Derrière la posture de l’A.I. (Artiste Inspiré), on trouve plus souvent un système collectif, parfois quasi mécanique. Rares sont les œuvres, au cours de l’histoire, qui ont été créées d’une seule main, à partir d’un seul cerveau. Elles se fabriquent dans le tumulte des ateliers, organisés en hiérarchies et délégations de tâches. L’artiste ne peint pas toujours lui-même. Il reçoit la commande (au Moyen-Âge, d’un pouvoir ecclésiastique ou économique), organise le travail et prescrit l’œuvre finale. Celle-ci est l’aboutissement d’exécutions multiples au service d’une vision centrale. Le cinéma en offre une illustration contemporaine : dans l’industrie cinématographique, le générique de fin des films rend visible la multitude de métiers au service de l’œuvre.

Le générique du film The Brutalist (Brady Corbet, 2024)

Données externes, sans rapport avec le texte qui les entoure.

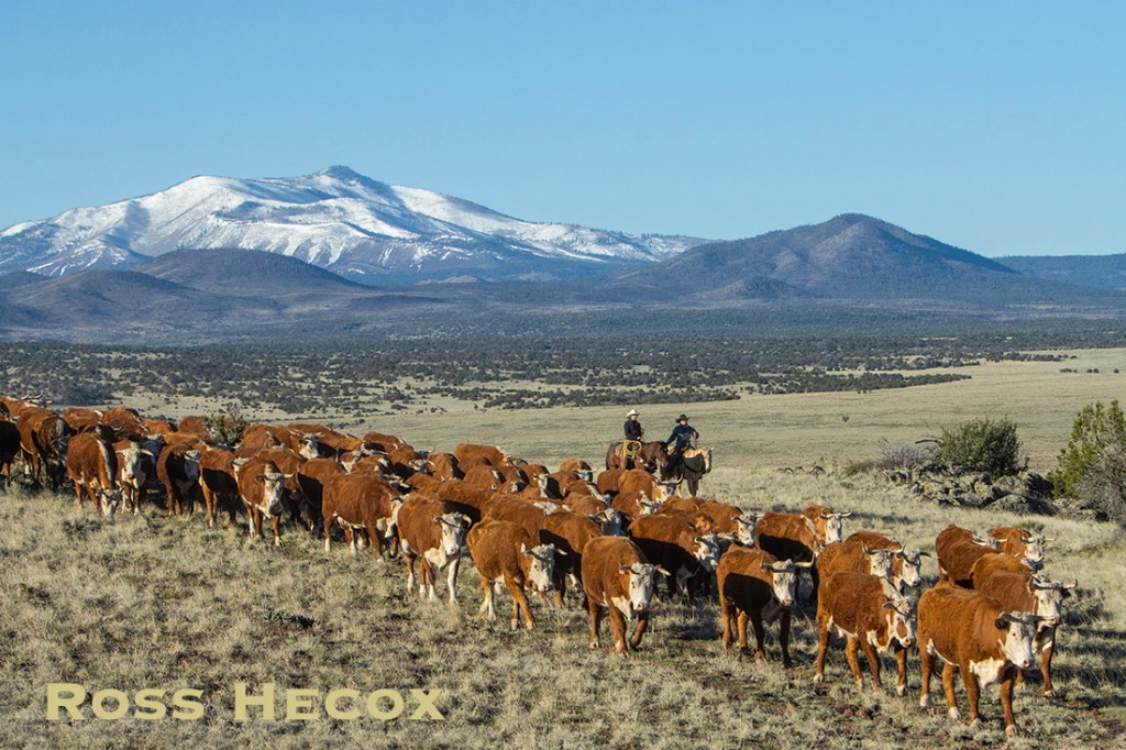 With Kendrick Peak in the background, Elizabeth and Benjamin Rodgers help move a set of Hereford cows on the Babbitt Ranch. The Arizona cow-calf operation has raised Horned Herefords for decades. Photo by Ross Hecox, May 2024
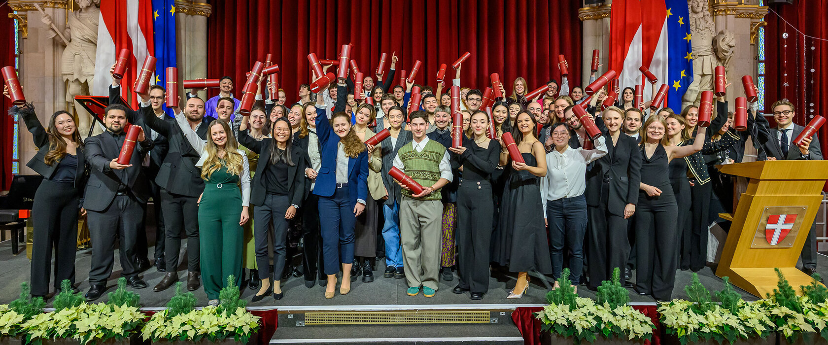 Bei der diesjährigen Sponsionsfeier der MUK am Donnerstag, 27. November wurden den Absolvent*innen des letzten Studienjahrs ihre akademischen Grade Bachelor und Master of Arts im feierlichen Ambiente des Großen Festsaals im Wiener Rathaus verliehen.
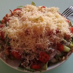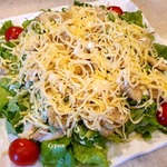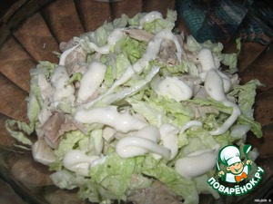 зелень,курочка, яйца, майонез каплями,сверху сухарики и сыр тертый....Удачи!!!

En amont de celle-ci, les courants artistiques offrent des matrices créatives et génèrent des modèles dans lesquels les artistes s’engouffrent : il n’y a qu’à lorgner du côté des ordres grecs anciens en architecture ou des courants picturaux modernes (fauvisme, pointillisme, cubisme, surréalisme…) pour s’en convaincre.

Les artistes entrent en connivence, s’influencent, collaborent et co-exposent. Ils et elles se rassemblent derrière une vision, esthétique ou politique, parfois ancrée dans un « manifeste ».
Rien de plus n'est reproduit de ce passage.